Exercise description
Repeat the data below in full. Pictures must not be part of the copy.

Source material
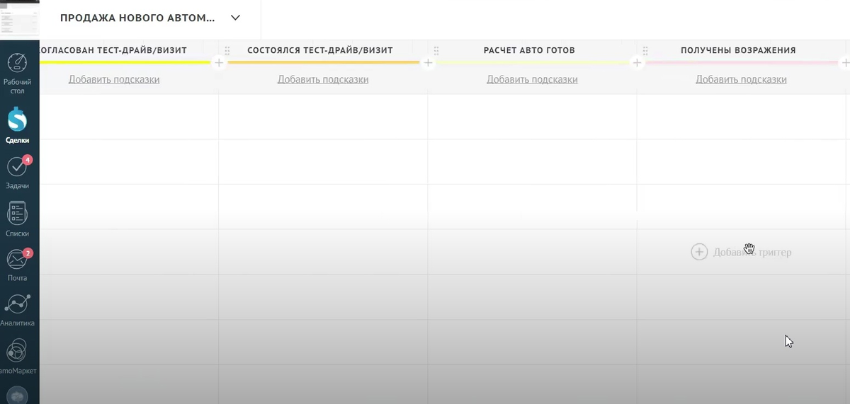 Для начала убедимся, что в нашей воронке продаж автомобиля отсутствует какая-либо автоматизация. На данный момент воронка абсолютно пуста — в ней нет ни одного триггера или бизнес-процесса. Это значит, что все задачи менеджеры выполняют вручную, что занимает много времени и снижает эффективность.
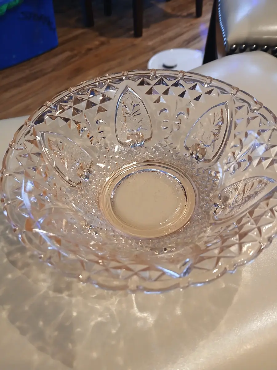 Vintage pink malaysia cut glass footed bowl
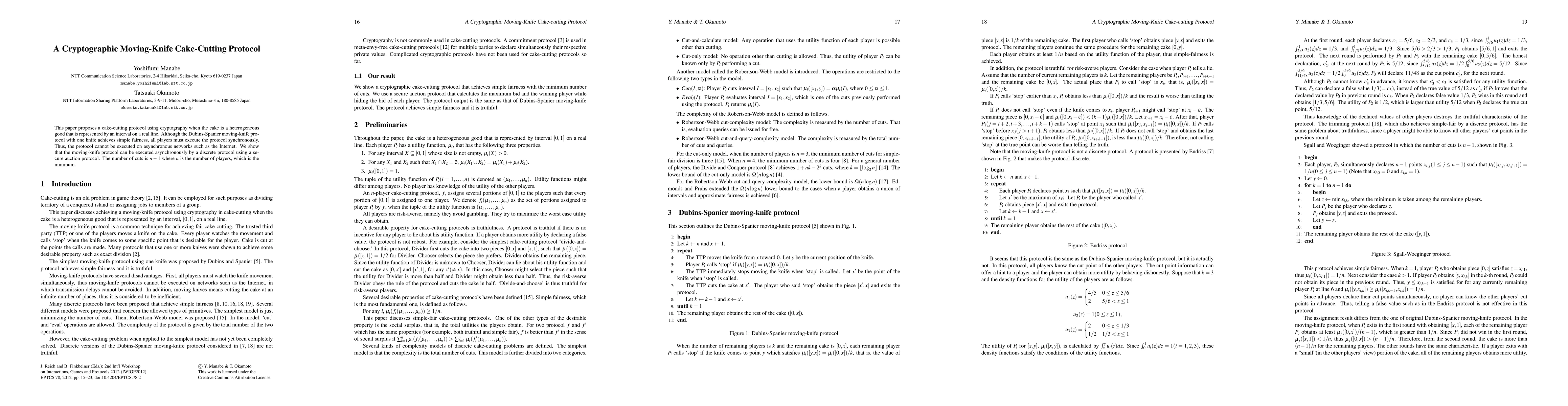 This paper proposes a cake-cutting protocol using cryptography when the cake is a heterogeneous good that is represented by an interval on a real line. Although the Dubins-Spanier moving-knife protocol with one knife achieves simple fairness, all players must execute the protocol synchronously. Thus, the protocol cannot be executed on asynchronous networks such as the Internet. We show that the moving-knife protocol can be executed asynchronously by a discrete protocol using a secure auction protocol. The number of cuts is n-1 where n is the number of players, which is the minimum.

Response below
 Для начала убедимся, что в нашей воронке продаж автомобиля отсутствует какая-либо автоматизация. На данный момент воронка абсолютно пуста — в ней нет ни одного триггера или бизнес-процесса. Это значит, что все задачи менеджеры выполняют вручную, что занимает много времени и снижает эффективность.
 Vintage pink malaysia cut glass footed bowl
 This paper proposes a cake-cutting protocol using cryptography when the cake is a heterogeneous good that is represented by an interval on a real line. Although the Dubins-Spanier moving-knife protocol with one knife achieves simple fairness, all players must execute the protocol synchronously. Thus, the protocol cannot be executed on asynchronous networks such as the Internet. We show that the moving-knife protocol can be executed asynchronously by a discrete protocol using a secure auction protocol. The number of cuts is n-1 where n is the number of players, which is the minimum.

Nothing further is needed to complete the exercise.